Saved data entries

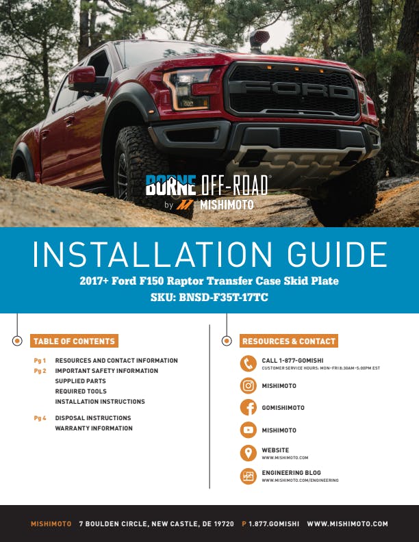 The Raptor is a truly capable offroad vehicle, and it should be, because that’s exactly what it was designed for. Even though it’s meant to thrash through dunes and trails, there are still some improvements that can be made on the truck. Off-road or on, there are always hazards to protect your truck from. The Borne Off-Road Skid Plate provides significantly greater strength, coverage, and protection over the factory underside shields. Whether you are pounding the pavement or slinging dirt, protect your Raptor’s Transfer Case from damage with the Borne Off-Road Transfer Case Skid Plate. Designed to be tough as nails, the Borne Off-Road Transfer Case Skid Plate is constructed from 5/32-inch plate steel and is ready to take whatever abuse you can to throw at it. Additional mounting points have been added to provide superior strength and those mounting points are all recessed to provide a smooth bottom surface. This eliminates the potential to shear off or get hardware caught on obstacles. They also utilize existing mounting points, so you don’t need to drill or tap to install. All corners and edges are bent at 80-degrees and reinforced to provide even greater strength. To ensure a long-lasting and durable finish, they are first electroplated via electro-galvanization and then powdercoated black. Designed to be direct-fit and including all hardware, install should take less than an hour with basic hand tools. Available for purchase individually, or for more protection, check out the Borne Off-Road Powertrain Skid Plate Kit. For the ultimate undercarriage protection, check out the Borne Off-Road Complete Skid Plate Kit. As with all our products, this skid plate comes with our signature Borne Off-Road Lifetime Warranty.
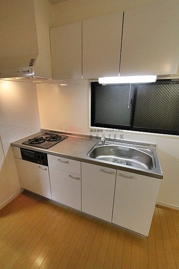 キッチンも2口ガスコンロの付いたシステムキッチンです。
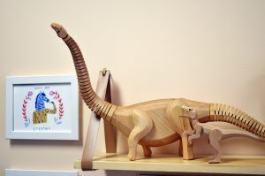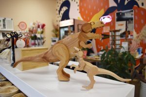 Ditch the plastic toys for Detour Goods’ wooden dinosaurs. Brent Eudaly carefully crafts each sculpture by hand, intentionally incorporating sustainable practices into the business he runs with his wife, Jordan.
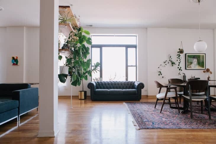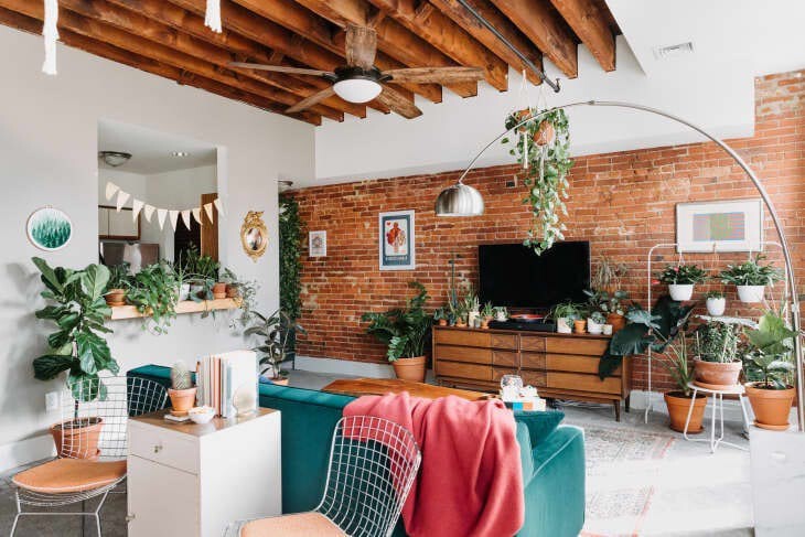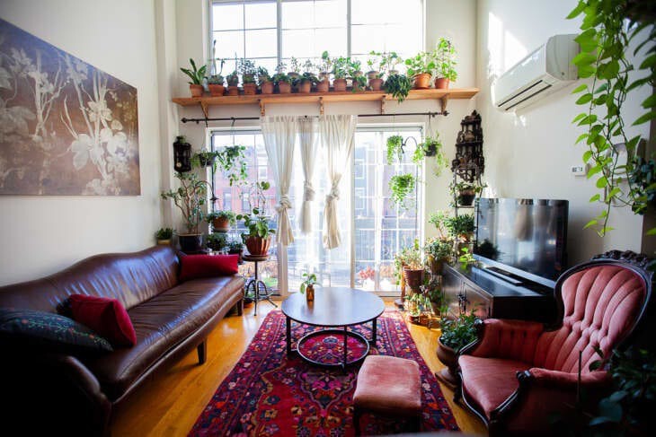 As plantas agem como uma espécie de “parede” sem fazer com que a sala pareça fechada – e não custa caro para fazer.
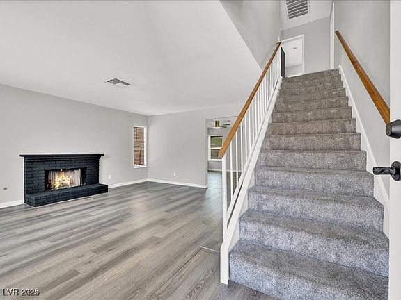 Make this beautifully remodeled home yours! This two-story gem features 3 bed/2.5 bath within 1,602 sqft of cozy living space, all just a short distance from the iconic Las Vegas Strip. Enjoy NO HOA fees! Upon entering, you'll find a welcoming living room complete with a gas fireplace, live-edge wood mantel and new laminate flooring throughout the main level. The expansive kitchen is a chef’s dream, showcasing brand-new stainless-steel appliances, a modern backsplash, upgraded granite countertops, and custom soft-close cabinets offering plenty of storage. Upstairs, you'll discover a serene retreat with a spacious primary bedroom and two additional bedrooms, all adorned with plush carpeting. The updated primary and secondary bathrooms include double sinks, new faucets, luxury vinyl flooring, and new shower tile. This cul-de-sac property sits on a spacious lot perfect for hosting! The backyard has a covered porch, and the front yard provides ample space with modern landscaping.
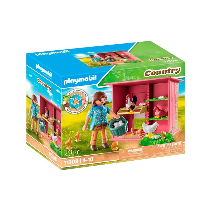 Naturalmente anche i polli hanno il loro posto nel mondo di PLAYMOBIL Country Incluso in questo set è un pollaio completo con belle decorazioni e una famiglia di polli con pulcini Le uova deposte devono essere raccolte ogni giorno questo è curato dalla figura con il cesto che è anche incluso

WORK TASK:
The required result is an exact copy of the lines from the line containing "As plantas agem" through the end of the entries, with every picture left out.

EXERCISE OUTPUT:
 As plantas agem como uma espécie de “parede” sem fazer com que a sala pareça fechada – e não custa caro para fazer.
 Make this beautifully remodeled home yours! This two-story gem features 3 bed/2.5 bath within 1,602 sqft of cozy living space, all just a short distance from the iconic Las Vegas Strip. Enjoy NO HOA fees! Upon entering, you'll find a welcoming living room complete with a gas fireplace, live-edge wood mantel and new laminate flooring throughout the main level. The expansive kitchen is a chef’s dream, showcasing brand-new stainless-steel appliances, a modern backsplash, upgraded granite countertops, and custom soft-close cabinets offering plenty of storage. Upstairs, you'll discover a serene retreat with a spacious primary bedroom and two additional bedrooms, all adorned with plush carpeting. The updated primary and secondary bathrooms include double sinks, new faucets, luxury vinyl flooring, and new shower tile. This cul-de-sac property sits on a spacious lot perfect for hosting! The backyard has a covered porch, and the front yard provides ample space with modern landscaping.
 Naturalmente anche i polli hanno il loro posto nel mondo di PLAYMOBIL Country Incluso in questo set è un pollaio completo con belle decorazioni e una famiglia di polli con pulcini Le uova deposte devono essere raccolte ogni giorno questo è curato dalla figura con il cesto che è anche incluso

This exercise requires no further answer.